Now I had a count of the duplicate symbols (there were only a handful, if it wasn’t the case I would have used wc -l duplist to count them), all such duplicate symbols, and which object files they occur in.

Notice this won’t work to list duplicate symbols with frameworks; you will want to handle that case specifically, anyway.

Fixing the damage

We are getting there: now we know the situation, we can fix it in one fell swoop. But we must avoid making non-trivial changes to the code in doing so, or we risk introducing bugs, while we were merely supposed to integrate already working code together.

If there are only a handful of duplicate symbols, simply prefix the functions and all the places they are called with a different prefix depending on the side; e.g. instead of PREPackBits, you would have PREReaderPackBits and PREWriterPackBits. Unless you only have the code for one side, it’s preferable to prefix both sides (that way any reference that you forgot to prefix will cause an error when linking, rather than silently resolving to the wrong version); note that even if you control both sides, it is not a good idea to try and merge the function implementations so that both sides call a single function which would satisfy them both: even if the function was copy-pasted from one side to another, it was likely modified, and at this point you are trying to integrate two bodies of code that work well separately, it is not a good time to make semantic changes to the code. If the code duplication bothers you, it will always be possible to refactor later. If you have the code for neither side, then you are in trouble, though you may be able to apply the partial link technique described later.

If the duplicate symbols are all the functions in a submodule used by both sides, then you made a mistake when building the libraries and included that submodule in both libraries; since on both sides the same source files with the same compile options are presumably used, then you should build and include that submodule in one library only, and leave it out of the second one: code in the second library which relies on the submodule API will simply use the one from the first library.

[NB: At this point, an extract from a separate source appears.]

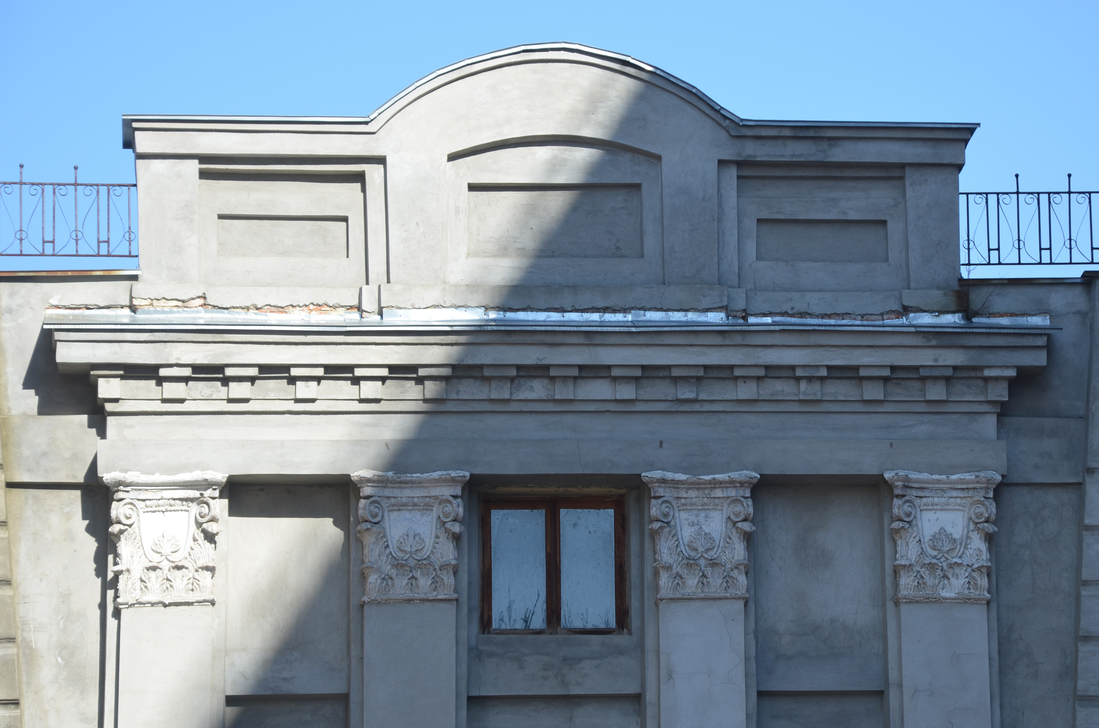 Дизайн верхньої частини будинку, який колись був театром

If the symbol collision involves a system framework and appears to be a limited coincidence (e.g. an unprefixed function name which is also used in a system framework), then just prefix the function on your side with your organization prefix. If, however, the collision is not a coincidence, for instance because you embed in your app an open-source project which is also available as a system framework, such as SQLite, then it is likely not practical to prefix all the functions in your internal copy of the open-source project, and neither it is to use the system framework and remove your internal version of the open-source code (which may be a different version, have some customizations, and what not). What I did in such a case, at least as a first step, was to do a partial link on the component of my app which made use of SQLite. A partial link forces references to be resolved, but produces an object file that can then be subject to further linking; this is done with ld -r -ObjC, and the linker invocation has to be given (with the -exported_symbols_list option) a file containing the function names one would like the generated object to export, this would be the API of the component. That way, references to SQLite functions coming from inside the component get resolved correctly, and from then on these functions are no longer visible outside the component, such that the final link can proceed without problem.

This is a bit of an extreme solution, as it forces you to handle that component specially (there is no support for this in Xcode), and you will have to redo this handling every time you need to rebuild the component, but it got me out of a bind without having to make changes to my code. In the long run however, you should either prefix or get rid if that internal version of the open source project.

Finishing your work

Now complete the integration of the body of code you were intending to add (fixing runtime issues, etc.) Once your app is running satisfactorily again, then it is probably time to apply a definitive solution to the original duplicate symbol issue: for instance, you may find it unsustainable to have parts of your code use a modified by mostly duplicate function and would much prefer there to be a single, unified copy. Now is a good time to do it, or maybe later; what matters is that this refactoring not be done before you get the app running again, as then you would have no idea whether bugs were due to the newly integrated code, or due to the changes you made in order to integrate it. The sum it up: get the newly integrated code running while making as few changes as possible first, then only refactor the code to your liking.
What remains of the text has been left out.